During The Last Glacial Maximum Fires Were 10 Times More Common And Summer Temps 3-4°C Warmer Than Today

by K. Richard, August 3, 2020 in NoTricksZone


A new study finds that 26 to 19 thousand years ago, with CO2 concentrations as low as 180 ppm, fire activity was an order of magnitude more prevalent than today near the southern tip of Africa – mostly because summer temperatures were 3-4°C warmer.

We usually assume the last glacial maximum – the peak of the last ice age – was signficantly colder than it is today.
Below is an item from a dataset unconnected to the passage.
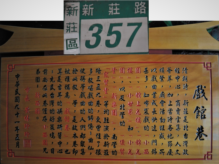 (二)戲館巷:位於新莊路359巷,默默訴說著新莊曾經富庶繁榮的歷史。巷內有不少歌仔戲、布袋戲班進駐,還有師傅教學,著名的小西園布袋戲也曾在此巷弄駐足。
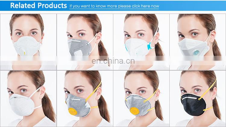 | Features | 1. Disposable, single-use, breathable, light and environment-friendly; 2. Two ear loop design with ultrasonic welded dual point attachment helps provide a secure seal; 3. Soft foam nose cushion for easy and comfortable fit; 4. Adjustable nosepiece for extra comfort; 5. Breathing valve enables easy breathing and helps avoid moisture fogging inside the mask; 6. Activated layer helps fiter odor and smell; 7. At least 95 percent filtration efficiency against certain non-oil based particles. |

But evidence has been uncovered that wild horses fed on exposed grass year-round in the Arctic, Alaska’s North Slope, about 20,000 to 17,000 years ago, when CO2 concentrations were at their lowest and yet “summer temperatures were higher here than they are today” (Kuzmina et al., 2019). Horses had a “substantial dietary volume” of dried grasses year-round, even in winter at this time, but the Arctic is presently “no place for horses” because there is too little for them to eat, and the food there is to eat is “deeply buried by snow” (Guthrie and Stoker, 1990).
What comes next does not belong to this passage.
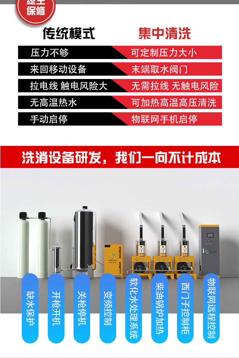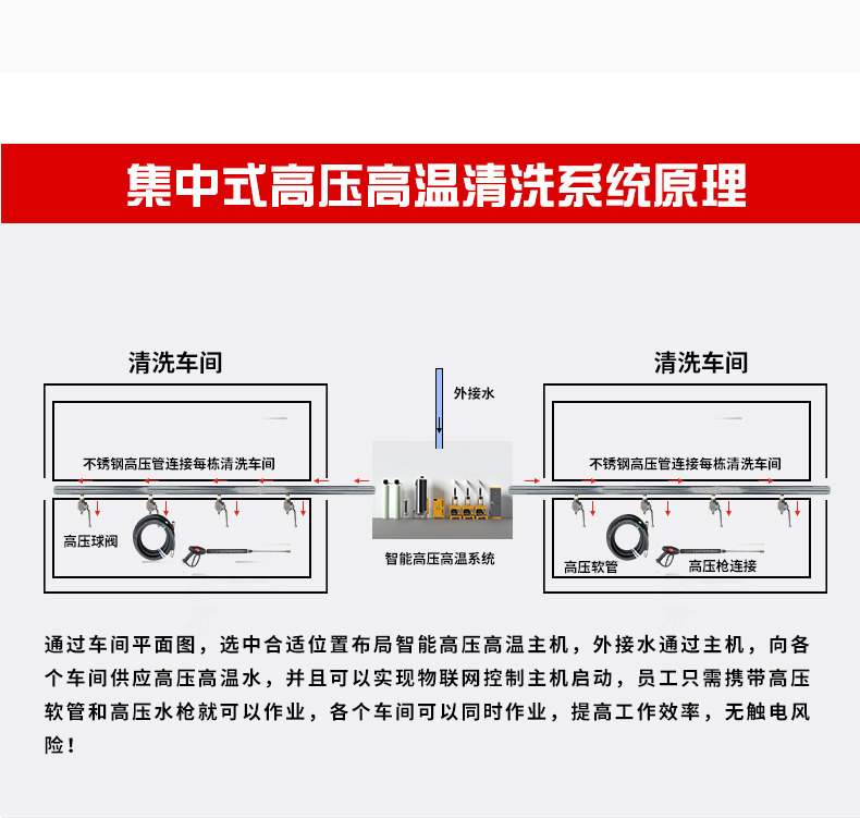 通過場所平面圖,選中合適位置布局智能高壓高溫主機,外接水通過主機,向各個場所供應高壓高溫水,并且可以實現(xiàn)物聯(lián)網(wǎng)控制主機啟動,員工只需攜帶高壓軟管和高壓水槍就可以作業(yè),各個場所可以同時作業(yè),提高工作效率,無觸電風險!

In a new study (Kraaij et al., 2020) find evidence that “the number of days per annum with high or higher fire danger scores was almost an order of magnitude larger during the LGM [last glacial maximum, 19-26 ka BP]  than under contemporary conditions” near Africa’s southernmost tip, and that “daily maximum temperatures were 3-4°C higher than present in summer (and 2-4°C lower than present in winter), which would have contributed to the high severity of fire weather during LGM summers.”

Neither conclusion – that surface temperatures would be warmer or that fires would be more common – would seem to be consistent with the position that CO2 variations drive climate or heavily contribute to fire patterns.